Awards
Grand Challenges is a family of initiatives fostering innovation to solve key global health and development problems. Each initiative is an experiment in the use of challenges to focus innovation on making an impact. Individual challenges address some of the same problems, but from differing perspectives.
Showing page 1 out of 1 with 10 results per page.

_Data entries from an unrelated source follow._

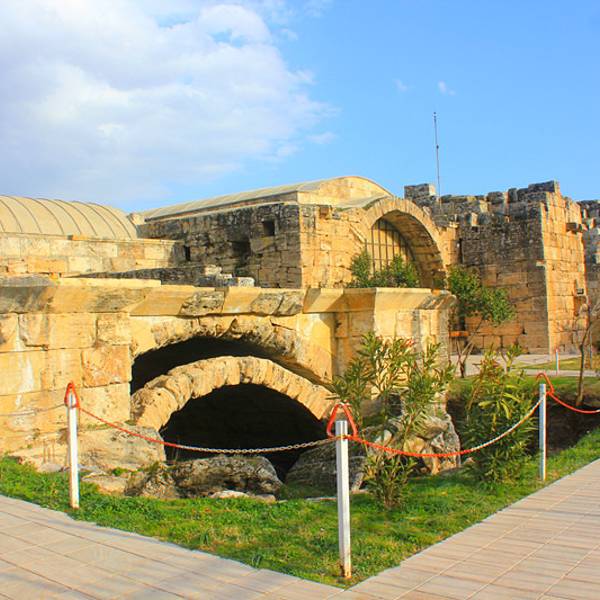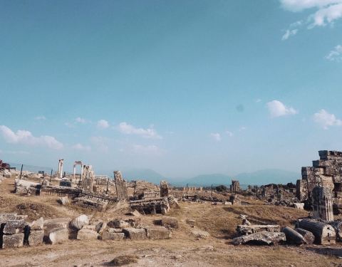 希拉波利斯位于棉花堡之上,建于公元前190年。在古代,温泉连同山脚的石灰石被认为具有奇妙的魔力。该遗址面积不小,古代公墓、大浴室、集市、拱门、圆形剧场、阿波罗神庙遗址、希拉波里斯考古博物馆和古温泉依次由北至南散落其间。从北门售票处进入,首先经过的是一片古代墓地,超过了1000座坟墓。继续往前就是北大浴室,由石头砌成的几座相连巨型拱门是典型的罗马建筑。浴室旁是三座连续的拱门和圆筒形石堆,从这里开始向南是一条贯穿遗址的南北大道,如今这条大道上多是断壁残垣散落,已被栏杆围起。希拉波里斯考古博物馆位于大道南边尽头,这里是一个路口,从山下石灰华一路上来就通往此处。原是南大浴室,里面展示了大量遗址里出土的雕像和石棺,包括古典和古罗马的雕塑艺术品、大量古币及金银首饰等。在此路口左转,就是帕姆卡莱古温泉游泳池。池底是罗马时代遗址,温泉水从底部不断涌出,水质清冽,可以清楚地看到斜躺池底的大理石柱和雕像残片。古温泉附近的圆形剧场保存完好,是值得参观的部分。这是一座公元前2世纪建造的罗马剧场,据说可以容纳多达1.5万名观众。正门处可以找到希腊神话众神的雕像,在大剧场的前面还可以遥望阿波罗神庙遗址。希拉波利斯-棉花堡已被列为联合国教科文组织世界遗产。在日落时分分外美丽,金色的斜阳余晖穿过拱门照射在古老的石头上,那份沧桑之美令人难忘。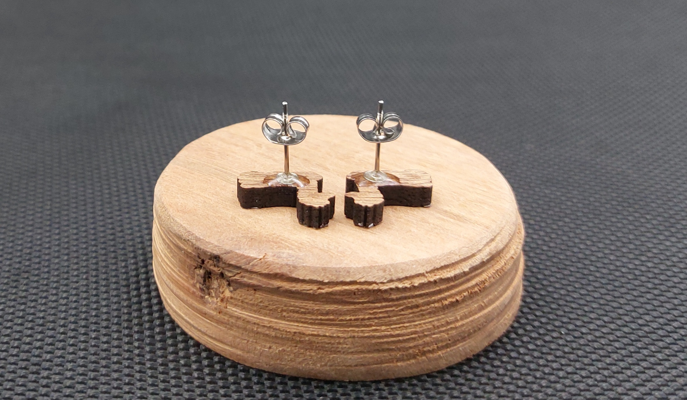 Moje kolczyki są wykonane z drewna egzotycznego, wycinane laserowo.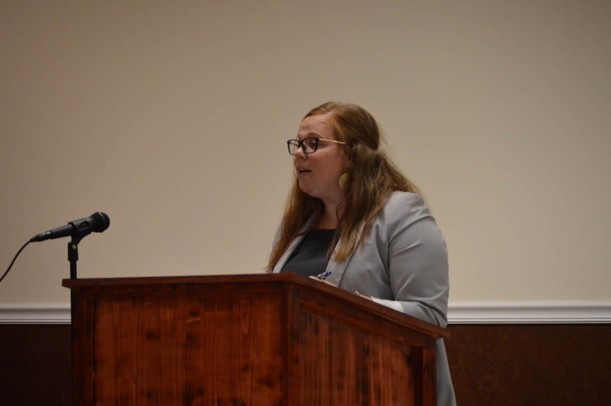 CAO Emily Woodmaster explains the budget process to the Baldwin City Council during a special called budget hearing on Friday, June 23, 2023. (Jerry Neace/NowHabersham.com)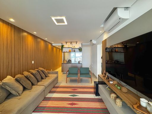 - 3 dormitórios, sendo 1 suíte - Sala de estar e jantar integradas - Cozinha americana equipada - Banheiro social - Área de serviço - Varanda gourmet com churrasqueira - Fechamento em vidro e tela de proteção - Ar-condicionado nos ambientes Diferenciais e Lazer do Condomínio: Piscina adulto com deck Solarium com espreguiçadeiras Piscina infantil Piscina coberta Brinquedoteca Salão de Jogos e TV Salão de Festas Sauna com Sala de Repouso Academia Área Verde/Jardim Sanitários Portaria Serviço de praia. À Disponibilidade e Valores dos Imóveis anunciados podem sofrer alterações a qualquer momento, sem aviso prévio.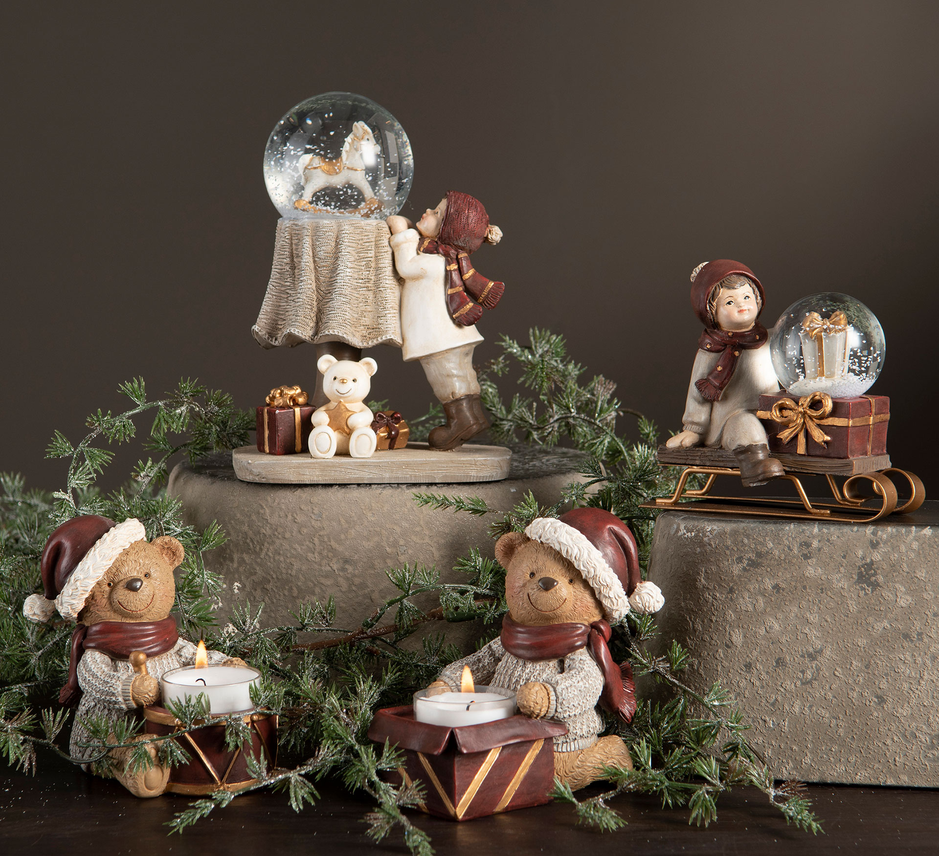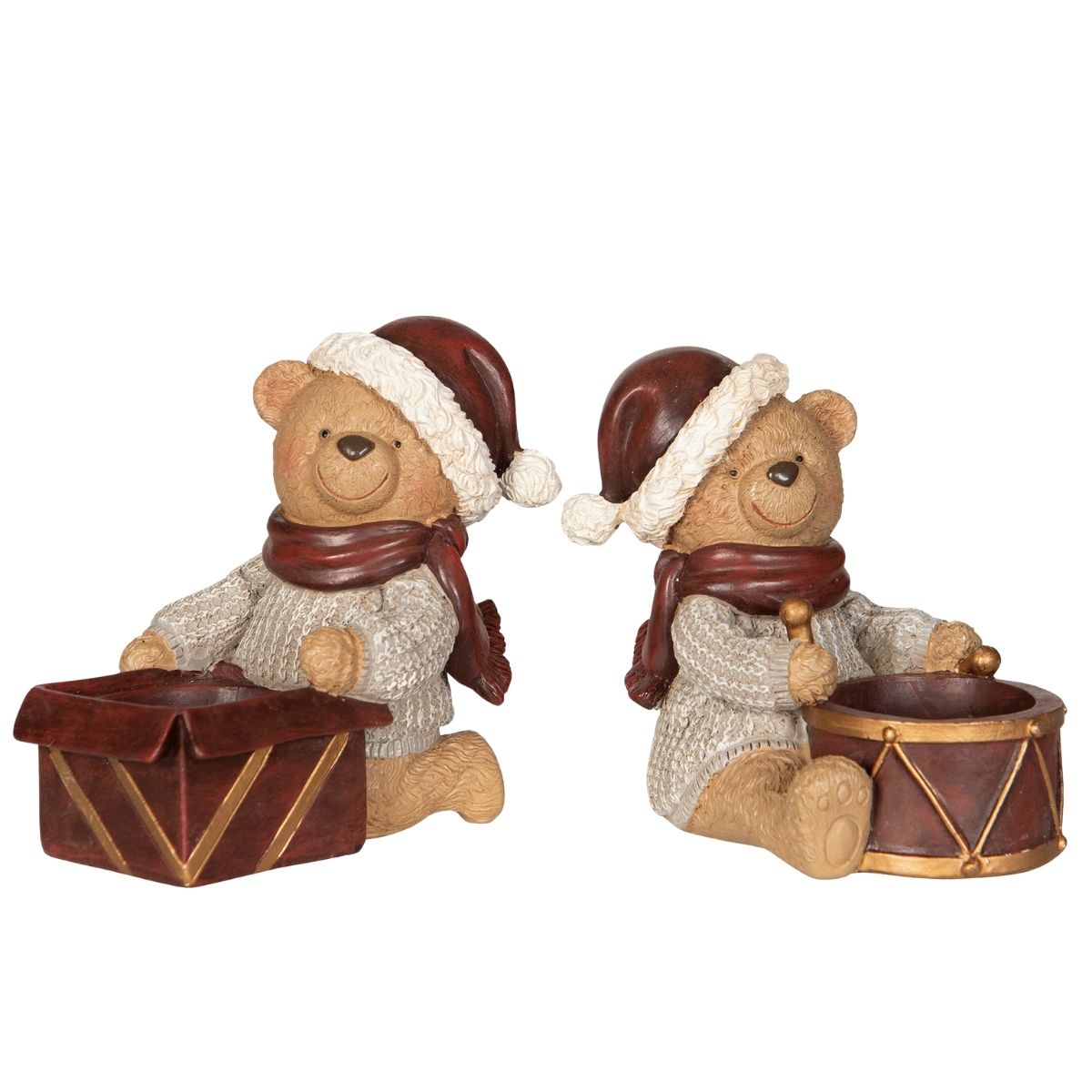 Söta nallebjörnar som håller varsin värmeljushållare. Perfekt för att skapa mysig julstämning på bord eller fönsterbräda. Tillverkade i poly.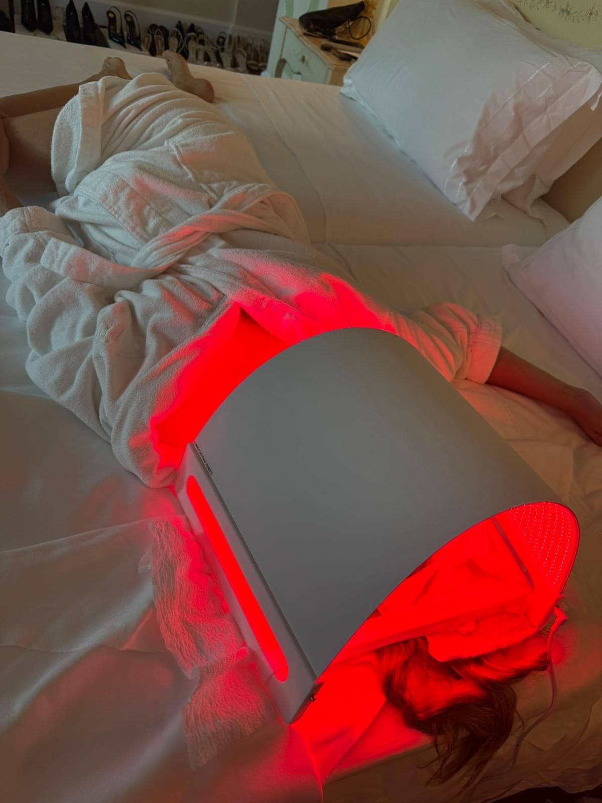AH: " When I enter their room I am first looking for the best place to set up. Outlets, where they will lay down, surfaces for putting product; that kind of stuff. When I find my work station, setup can take less than 10 minutes. I make sure they are comfortable in their spot and usually reconfirm what time hair and makeup are entering the room. The schedules are so tight day of, and you don’t want to stress out hair and makeup in any way as their jobs are already super stressful! Once that's sorted, I'll check in with the client about how they feel like their skin is feeling. Puffy? Dehydrated? Are they feeling sensitized? Have they used any actives or had any treatments super recently? Are there any allergies? I take a quick look at their skin to see what I'm seeing and then we begin."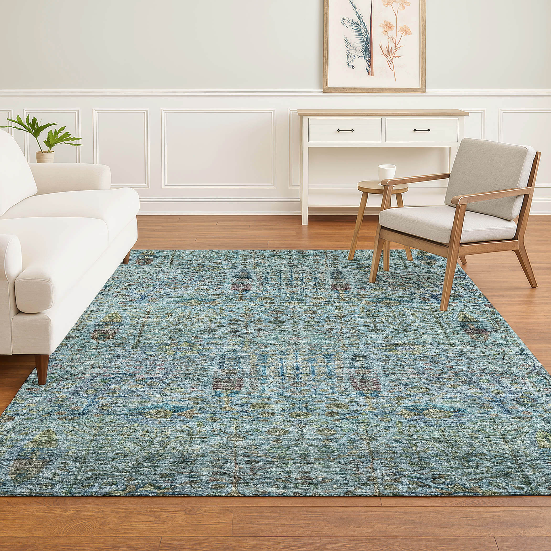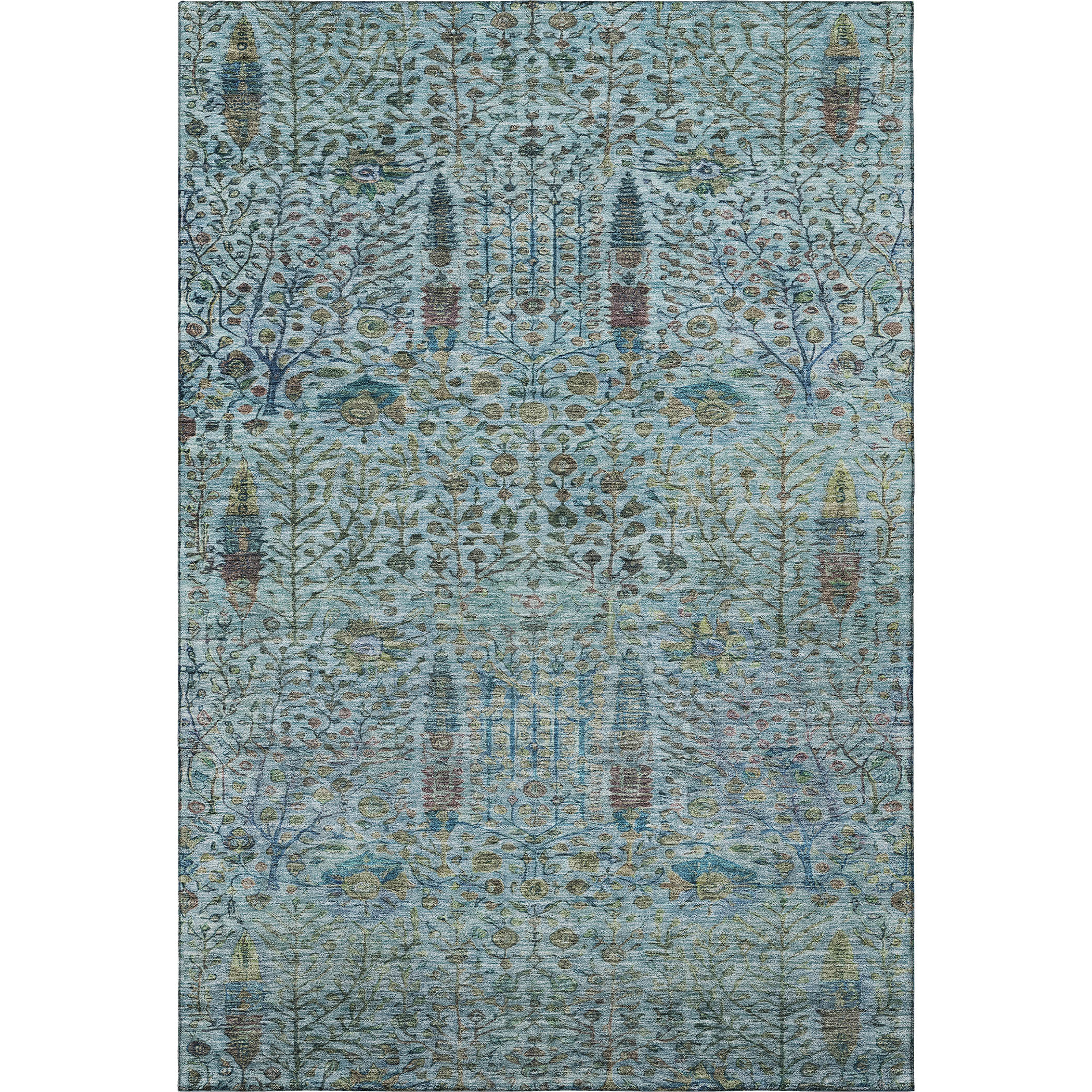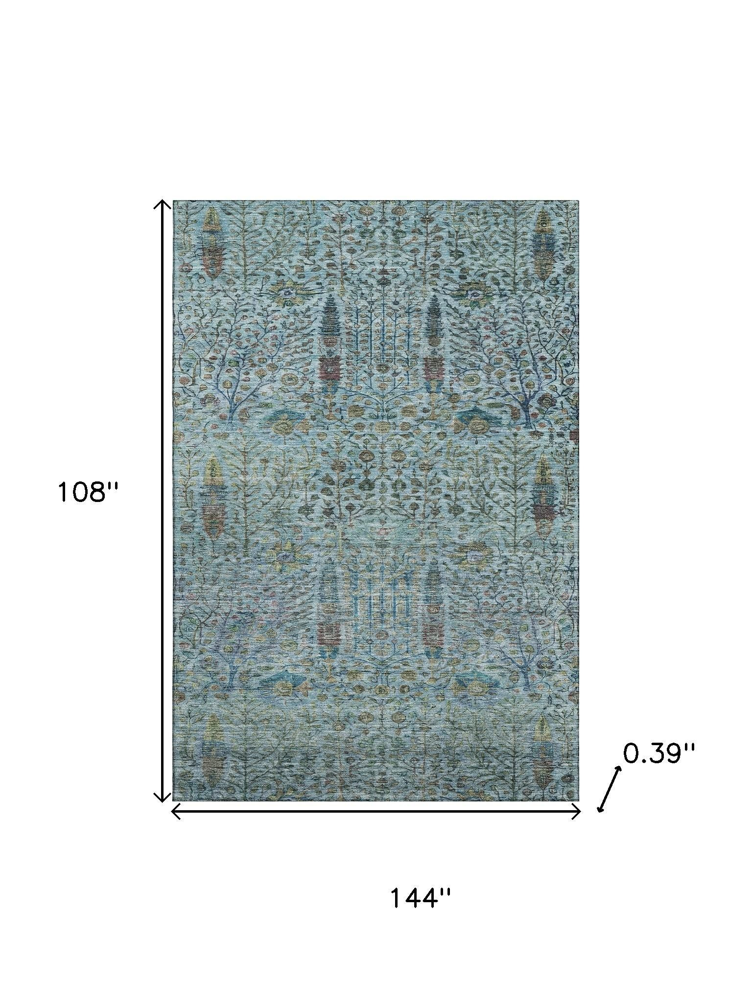 Set an inviting tone in your space with this 9-foot x 12-foot teal and pale aqua floral vines washable area rug with uv protection. Ideal for spaces with kids and pets, this rug is stain resistant to help repel dirt and spilled liquids. Built to last, this rug crafted from polyester fibers is known for its durability and long lasting appeal. Rugs are a great way to showcase your style, hide imperfections, warm your home and reduce noise. This larger sized, transitional styled rug is ready to create a focal point or statement piece in your room. 108.00-inch h x 144.00-inch w x 0.39-inch d.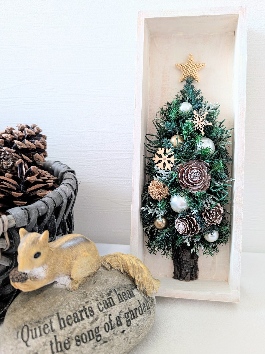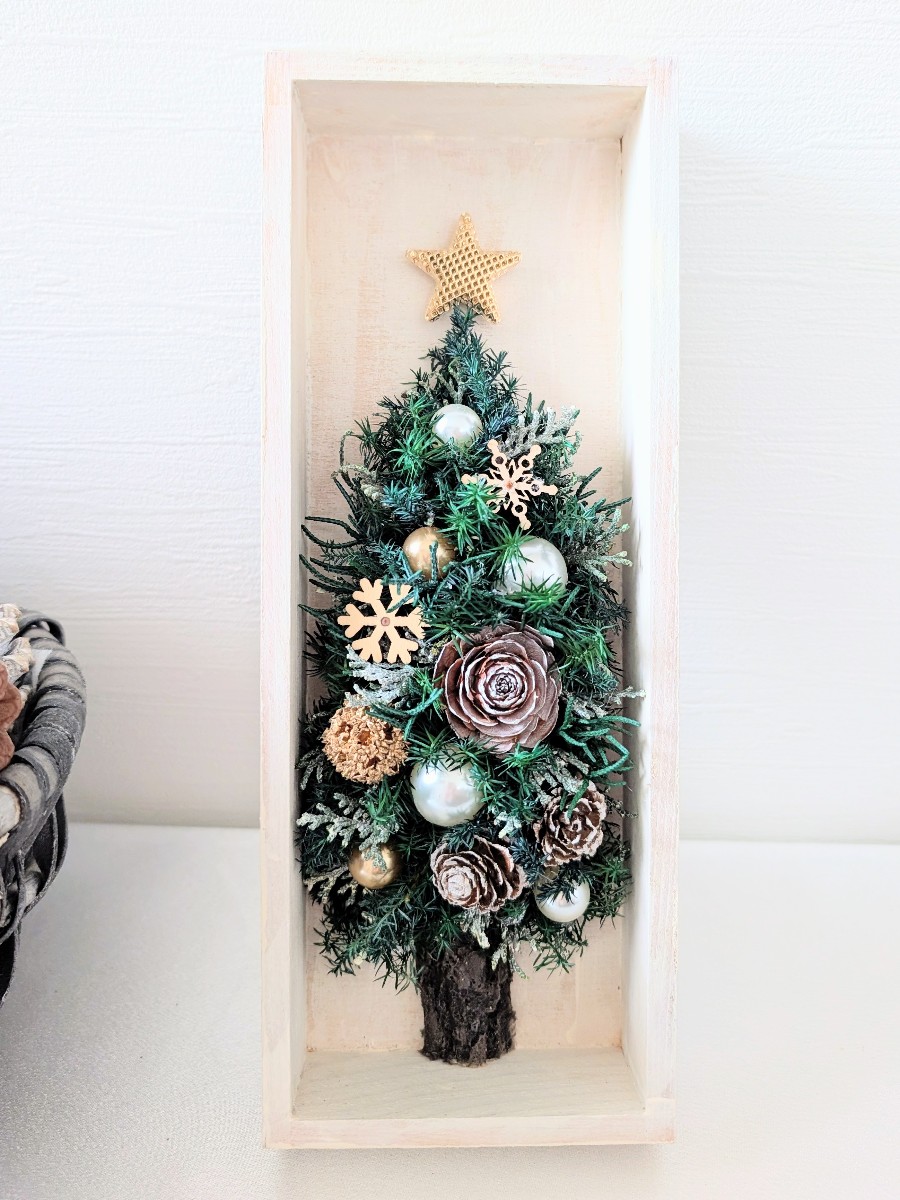 縦型の木箱に収めているので、壁際や細いスペースにも飾りやすく、冬のインテリアにおすすめです。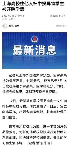 据新华社15日消息,记者从上海外国语大学获悉,因尹某某行为情节严重,影响恶劣,校方于6月14日按程序给予尹某某开除学籍处分。同时,根据党规党纪,取消其预备党员资格。

Improving Neglected Tropical Diseases Drug Management Through the TraceRX Platform
Amanda Odum of the Research Triangle Institute in the U.S. will develop a mobile Application, TraceRX, to record and track drugs donated to mass drug administration campaigns in Nigeria to ensure the right drugs are in the right place at the right time. Donated drugs are currently monitored by paper methods, basic software programs, or local pharmacists, which leads to inaccurate ordering, expired drugs, and stockouts. They will design an Application for Android devices that will enable scanning of received drugs to record the type, origin, and expiry date, provide alerts so that drugs approaching expiration can be prioritized for use, record consumption, and track the full supply chain. They will also develop a dashboard for program managers to visualize the data to easily forecast need and communicate any required changes.
Improving Mass Drug Administration (MDA) Data Quality with Electronic Tally Counters
Aleta Williams of FHI Partners LLC in the U.S. will design, build, and test a mobile, digital tally counter for community drug distributors to accurately record data during mass drug administration campaigns for neglected tropical diseases in rural and deprived communities. Currently, these data are generally captured on paper, which is inefficient, prone to errors, and difficult to share. They will use a human-centered design approach to produce a prototype tally counter that can record essential information including GPS coordinates during campaigns, and test their performance and acceptability with stakeholders and end-users.
Spatial Digital Solution to Improve Mass Drug Administration (MDA): Data Incubator
Justin Cohen of the Clinton Health Access Initiative Inc in the U.S. will develop a user-friendly electronic data collection tool using an open source platform and spatial intelligence to better monitor mass drug administration campaigns in schools and in the community. Their platform integrates population mapping with field data collection processes to accurately calculate intervention coverage, such as the distribution of bed-nets or administered drugs, in near real-time. They will adapt the platform so it can be tested during two specific neglected tropical disease campaigns in Eswatini and Zambia. The platform will enable data collection on numbers of available doses and treatments, and incorporate a dashboard and maps to visualize the collected data and inform local and national decision-makers on campaign progress and to identify areas that need better coverage.